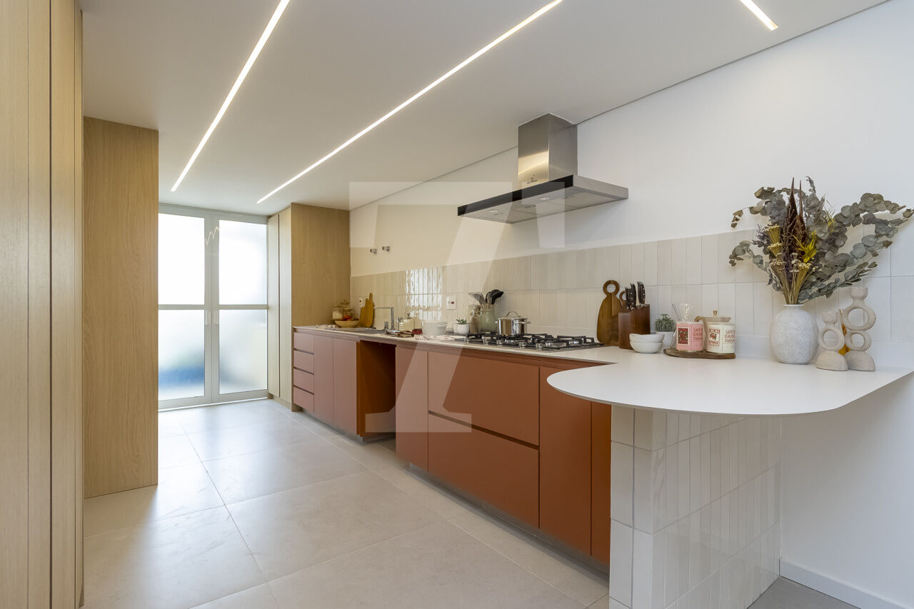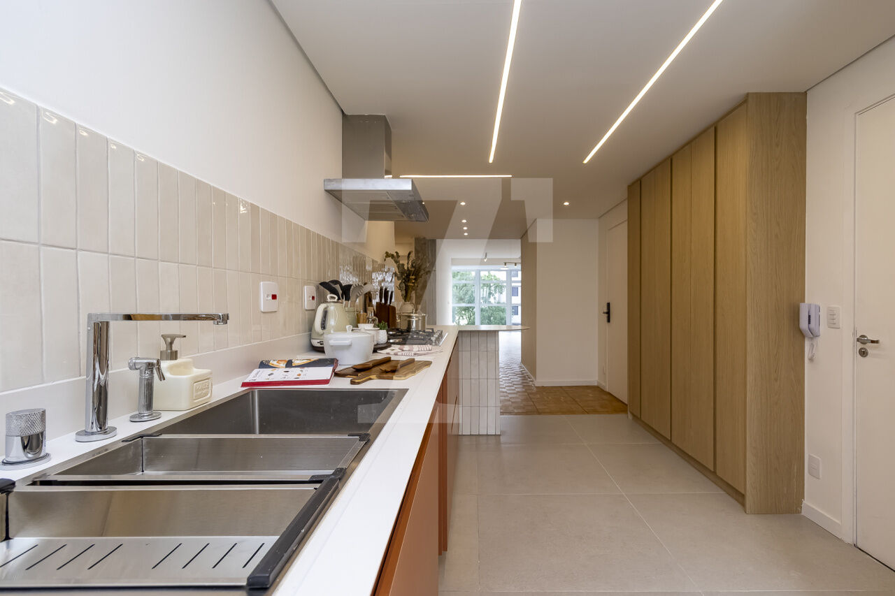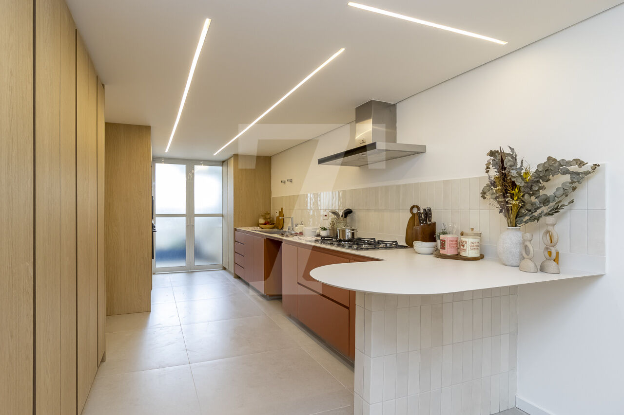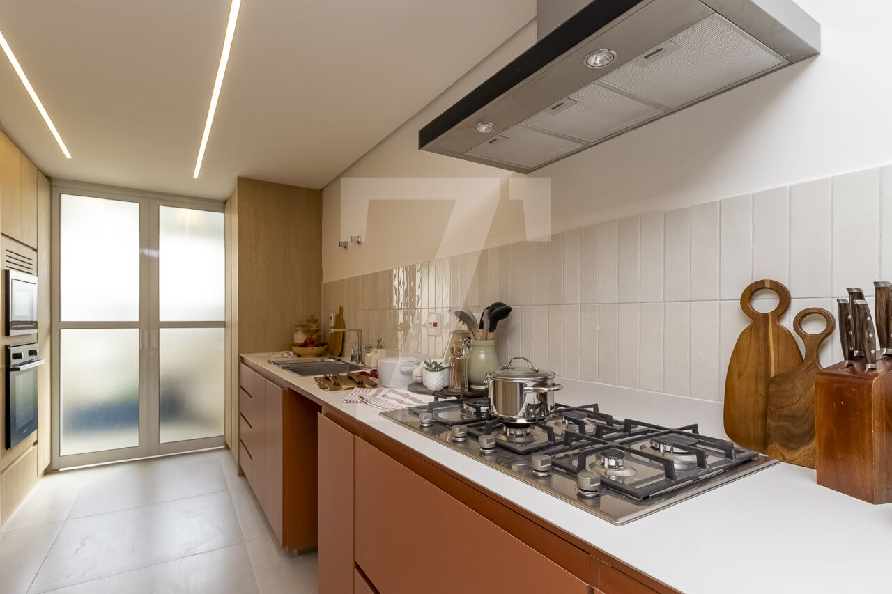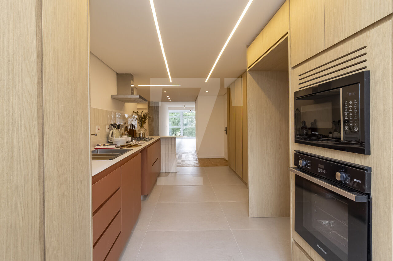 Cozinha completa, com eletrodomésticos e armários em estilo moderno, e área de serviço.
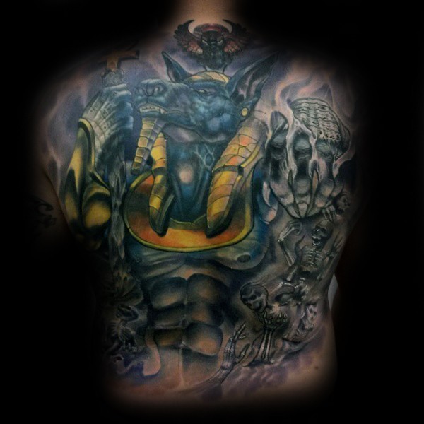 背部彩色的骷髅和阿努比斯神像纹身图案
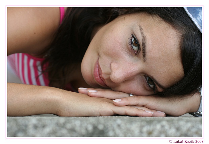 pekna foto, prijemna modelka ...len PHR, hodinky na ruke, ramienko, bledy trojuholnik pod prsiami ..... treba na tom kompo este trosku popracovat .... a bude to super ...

> _Task description_: Omit the pictures, then print the rest of the listing above exactly.

> _Answer space_:
 Cozinha completa, com eletrodomésticos e armários em estilo moderno, e área de serviço.
 背部彩色的骷髅和阿努比斯神像纹身图案
 pekna foto, prijemna modelka ...len PHR, hodinky na ruke, ramienko, bledy trojuholnik pod prsiami ..... treba na tom kompo este trosku popracovat .... a bude to super ...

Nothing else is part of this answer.